====== DATA ======
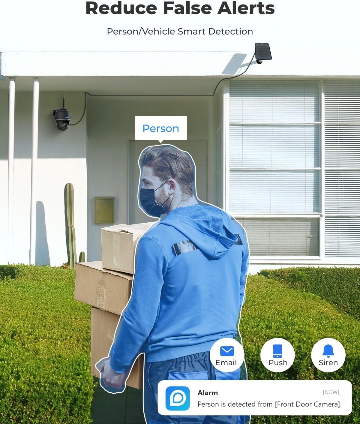 SMART DETECTION & INSTANT ALERTS: Get fewer false alarms owing to advanced persons and vehicles detection. Instant email and push notifications will come when motion is detected. Selected human/vehicle motion recording options are offered while playback to speedily locate what triggered the alarm.
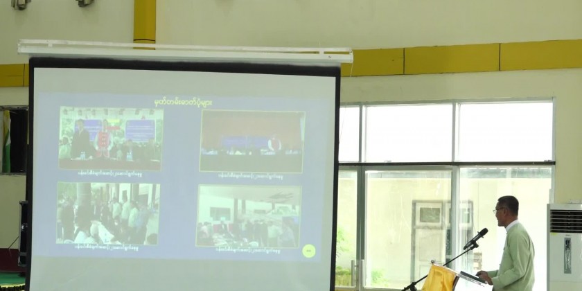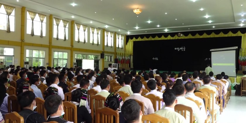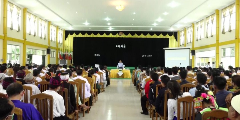 Shan State Chief Minister U Aung Zaw Aye together with the state government ministers, state level departmental officials met with the district and township level departmental officials, township elders and local residents at Wunna Kyaw Htin Sao Khun Hall in Hopan Township of Wa Self-Administered Division at 11 AM on 23rd April.
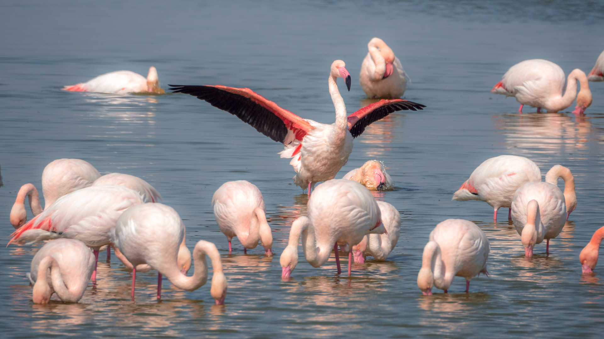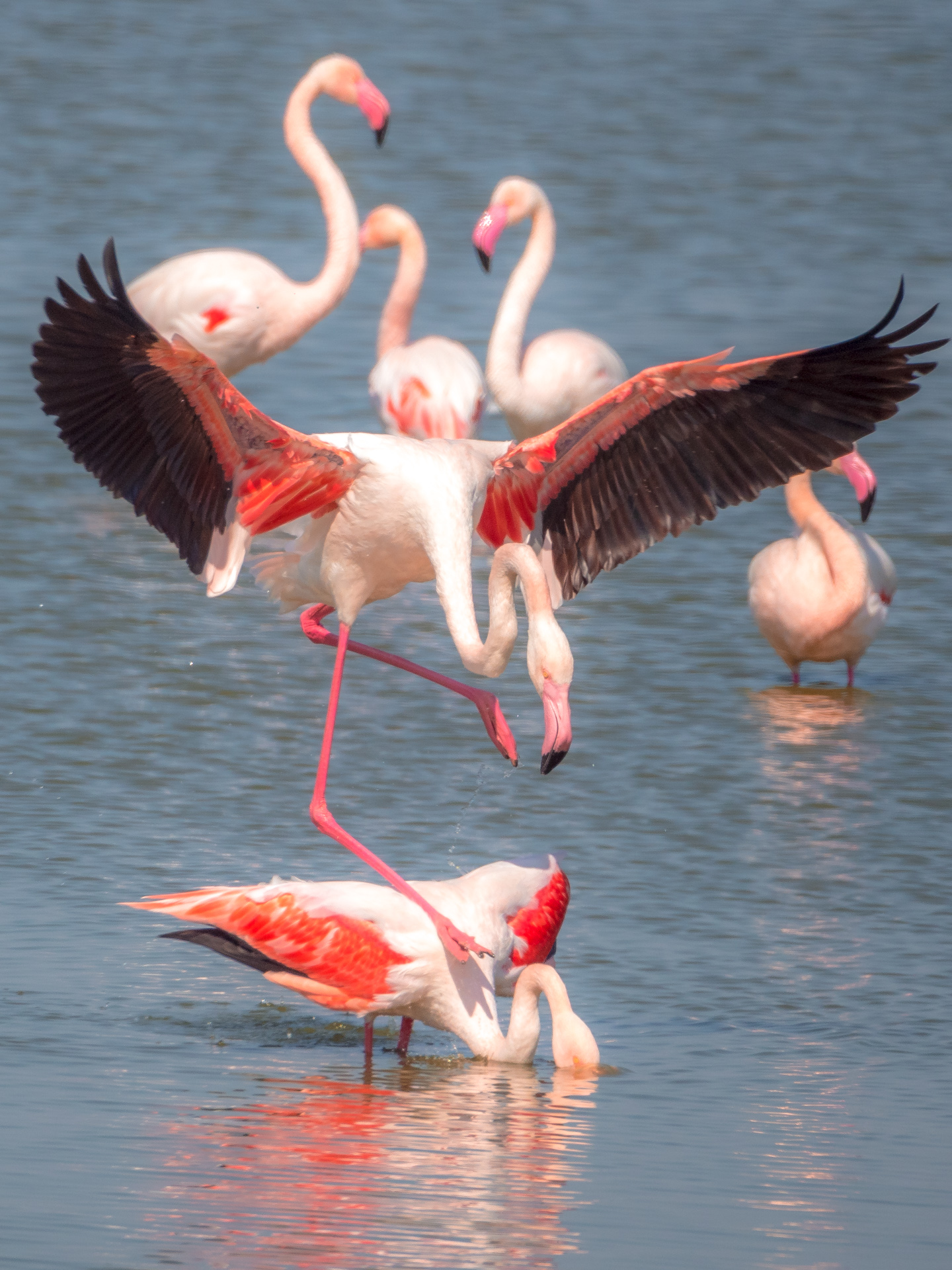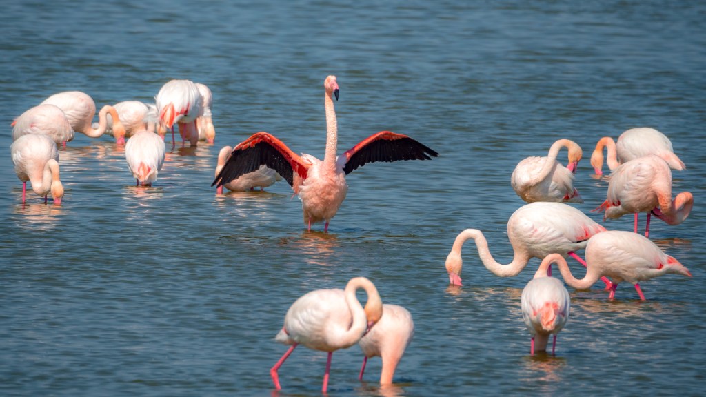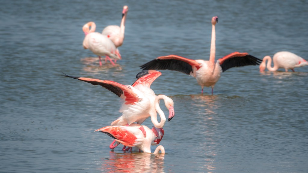 Ich setze mich an den Rand des Wasserlaufs und beobachte die „äsenden“ Flamingos. Heißt das eigentlich so? Die meiste Zeit stecken sie jedenfalls mit dem Kopf im Wasser und schuffeln mit den Füßen den rosa Krill aus dem Boden um ihn zu fressen. Irgendwo muss die rosa Farbe der Flamingos ja herkommen. Zwischendurch wird sich gewaschen, geputzt und aufgeplustert. Das recken und trocknen der mächtigen Flügel gibt wieder tolle Fotos. Es hat sich heute auf jeden Fall gelohnt, den Weg auf sich zu nehmen, um die farbenprächtigen Flamingos zu bewundern und natürlich zu fotografieren.
======
A faithful, picture-free copy of the material is what this task asks for.

 SMART DETECTION & INSTANT ALERTS: Get fewer false alarms owing to advanced persons and vehicles detection. Instant email and push notifications will come when motion is detected. Selected human/vehicle motion recording options are offered while playback to speedily locate what triggered the alarm.
 Shan State Chief Minister U Aung Zaw Aye together with the state government ministers, state level departmental officials met with the district and township level departmental officials, township elders and local residents at Wunna Kyaw Htin Sao Khun Hall in Hopan Township of Wa Self-Administered Division at 11 AM on 23rd April.
 Ich setze mich an den Rand des Wasserlaufs und beobachte die „äsenden“ Flamingos. Heißt das eigentlich so? Die meiste Zeit stecken sie jedenfalls mit dem Kopf im Wasser und schuffeln mit den Füßen den rosa Krill aus dem Boden um ihn zu fressen. Irgendwo muss die rosa Farbe der Flamingos ja herkommen. Zwischendurch wird sich gewaschen, geputzt und aufgeplustert. Das recken und trocknen der mächtigen Flügel gibt wieder tolle Fotos. Es hat sich heute auf jeden Fall gelohnt, den Weg auf sich zu nehmen, um die farbenprächtigen Flamingos zu bewundern und natürlich zu fotografieren.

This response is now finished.